I want to take on a project, but I’m not sure how to handle the updating process.
Normally, when asked to update a site, you back-up the database & site files, then make the updates locally or on a development server. Then when the updates are finished, you push them live.
My problem is that the site I’ll be working on registers new members every day, makes blog posts every day, and gets new comments on those posts every day. If I were to pull the site on Monday, update it in a testing environment, then push those changes live on Friday, every member who signed up and blog entry written during the week would be overwritten.
So what’s the best way to go about doing this? How do I update/add features to a site without losing the data gained on the live site during development? Surely it must be possible, since high-traffic sites like TechCrunch and Gizmodo make huge sitewide updates all the time without losing data.
It depends on what changes you're making. Is it file/template changes or database changes?
If it's just file changes, just pull the files and database to your local server, make changes to your files and then just push them (files only) to the live server when done. As long as no database changes have happened, that will work.
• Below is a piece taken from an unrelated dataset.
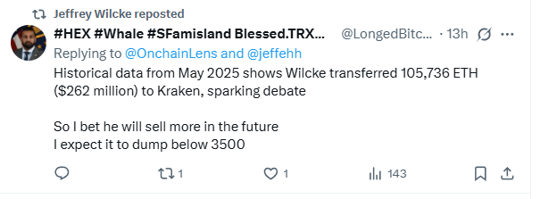 However, Wilke has since reposted a user’s comment on X that speculated “he will sell more in the future.”

If there are db changes, things get a bit trickier. You would basically follow the same process, but make note of any db changes you are making on the local site. when everything is ready to be pushed to the live server, you have no other option but to take the site offline for users while you update.
You would then push all updated files to live server, and mirror any db changes you did on the local server (install/update plugins etc). When all that is done and tested, you can then put the site online again. Downtime should be minimal if you have made good notes on db changes.
This is dependant on being able to block access to users but still allow access for yourself, but that's standard with most CMSs.
Also, if you dont already you should look at integrating git into your workflow. If the changes you'll be making take a considerable amount of time you'll need a system in place where you can branch your code off into new versions while still keeping the original state of code that's on the live server.
That way, if there is an urgent fix that needs doing to the live site while your in the middle of developing new features locally, you can switch back to your master/original branch and make changes to the code that doesn't include any of the new stuff you have been working on the other branch.